I am really not understanding how to upgrade to the new port (package?) management system.  I am missing something fundamental about the new structure.  I've done a fair amount of reading, and it all makes sense in context, but most articles are not comparative, so I'm missing the boat somewhere.

In the old system I'd do a

```
# portsnap fetch
# portsnap update
# portupgrade <portname>
```
and that would get me an updated port.  I could do an -r and an -R if necessary, but let's keep it simple.

I ass/u/me that now I do the same portsnaps, but then what?

Example:

```
# pkg install tgif
Updating repository catalogue
pkg: No packages matching 'tgif' available in the repositories
# pkg add tgif
pkg: tgif: No such file or directory
pkg: Was 'pkg install tgif' meant?

Failed to install the following 1 package(s): tgif
```

So...what's the trick?  I installed pkg, added WITH_PKGNG=yes to /etc/make.conf, ran `pkg2ng`...a few times actually, but the last time it seemed to be pretty happy.

I can go into the port directory and do a successful `make install`, but will that keep the database happy?

Is what I'm doing supposed to Just Work?  What's the analog for `portupgrade [i]portname[/i]` supposed to be?

Sorry for the cluelessness...


----------



## wblock@ (Apr 14, 2014)

noodlefling said:
			
		

> I am really not understanding how to upgrade to the new port (package?) management system.  I am missing something fundamental about the new structure.  I've done a fair amount of reading, and it all makes sense in context, but most articles are not comparative, so I'm missing the boat somewhere.
> 
> In the old system I'd do a
> 
> ...



The same as before.  pkg is a new package database.  It does not mean you have to use binary packages.



> So...what's the trick?  I installed pkg, added WITH_PKGNG=yes to /etc/make.conf, ran `pkg2ng`...a few times actually, but the last time it seemed to be pretty happy.



`pkg2ng` should only be run once to import the old package database.



> I can go into the port directory and do a successful `make install`, but will that keep the database happy?



Yes.  Try it: `pkg info`.



> Is what I'm doing supposed to Just Work?  What's the analog for `portupgrade [i]portname[/i]` supposed to be?



Installing ports is exactly the same.  Only the package database has changed.


----------



## noodlefling (Apr 14, 2014)

wblock@ said:
			
		

> Installing ports is exactly the same.  Only the package database has changed.



OOOoooooooh.  So all I have to do is install pkg, do a `pkg2ng`, change make.conf and I can keep using portupgrade?

That would be awesome, and leave my mind unblown and happily living in the comfort of the old system.

Why didn't any of the docs I read explain all that to me?

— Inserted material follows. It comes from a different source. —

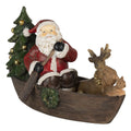 CLAYRE E EEF Decorazione Natalizia Statuetta Babbo Natale con renna su barca 22x10x13 cm

Sorry to bother you all with such a simple question, then.

Carry on, and thanks a million!

EDIT: As an aside, I suppose I do care why what I was trying to do wasn't working...a little bit.


----------



## wblock@ (Apr 14, 2014)

noodlefling said:
			
		

> wblock@ said:
> 
> 
> 
> ...



Yes.



> That would be awesome, and leave my mind unblown and happily living in the comfort of the old system.
> 
> Why didn't any of the docs I read explain all that to me?



That's a good question.  Partly it's because how ports and packages interact has never been made very clear to most users.



> EDIT: As an aside, I suppose I do care why what I was trying to do wasn't working...a little bit.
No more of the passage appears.